The biennial Repertoire Development Grant program provides financial support to OPERA America Professional Company Members for the development of new American opera and music theater works. Grants allow creators and producers to refine works-in-progress by offsetting creative fees and other costs including lab productions, workshops, readings, and revisions.
“This investment in the development of new American opera is an investment in the future of the art form,” stated Marc A. Scorca, president/CEO of OPERA America. “These grants ensure the richness and diversity of the opera tradition can continue to evolve and captivate audiences now and in the future.”
A total of $185,000 was awarded to seven new works by these companies (the two works led by Calgary Opera and Pittsburgh Opera are being developed as co-productions):
- American Lyric Theater (New York, NY)
She Who Dared (Jasmine Barnes/Deborah D.E.E.P. Mouton) - Calgary Opera (Calgary, AB, Canada)
in consortium with Vancouver Opera (Vancouver, BC, Canada)

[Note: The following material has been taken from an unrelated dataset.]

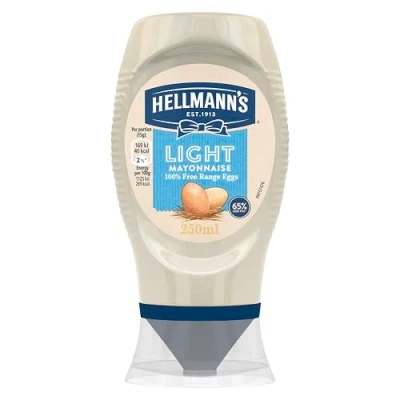 Hellmann's Light Mayonnaise is made with free range eggs Our Light Mayo has 60% fewer calories than Hellmann's Real Mayonnaise and is only 40 calories per tablespoon Hellmann’s Light Mayonnaise is the perfect accompaniment for all your meals, burgers and sandwiches Enjoy the delicious creamy taste of Hellmann’s Light Mayonnaise, made with no artificial colours, flavours, or preservatives Our mayo is suitable for vegetarians, perfect for healthy salads and tasty veggie burgers Try Hellmann's other delicious mayos including the classic Real, Light, and flavoured condiments
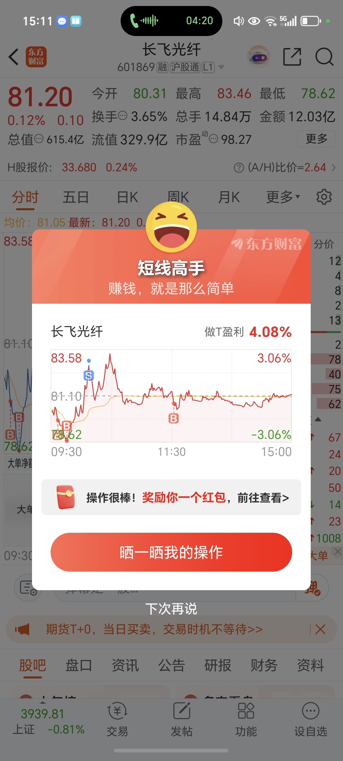 $长飞光纤(SH601869)$ 简直不能格局!120跑的,90接回来,t到81.9了,明天放我出去!!!

Namwayut (Ian Cusson/Parmela Attariwala/Yvette Nolan) - Des Moines Metro Opera (Des Moines, IA)
American Apollo (Damien Geter/Lila Palmer) - Long Beach Opera (Long Beach, CA)
Asunción (San Cha/McCall Cadenas) - Opera Parallèle (San Francisco, CA)
Hello, Star (Carla Lucero/Jarrod Lee) - Pittsburgh Opera (Pittsburgh, PA)
in consortium with Opera Santa Barbara (Santa Barbara, CA), Intermountain Opera Bozeman (Bozeman, MT), and Boston Conservatory at Berklee (Boston, MA)
Time to Act (working title) (Laura Kaminsky/Crystal Manich) - The Santa Fe Opera (Santa Fe, NM)
Interplanetary Opera (working title) | The Santa Fe Opera Commissions New Opera from All Indigenous Team that Takes the Question of Colonization Into Space (Brent Michael Davids/Mary Kathryn Nagle)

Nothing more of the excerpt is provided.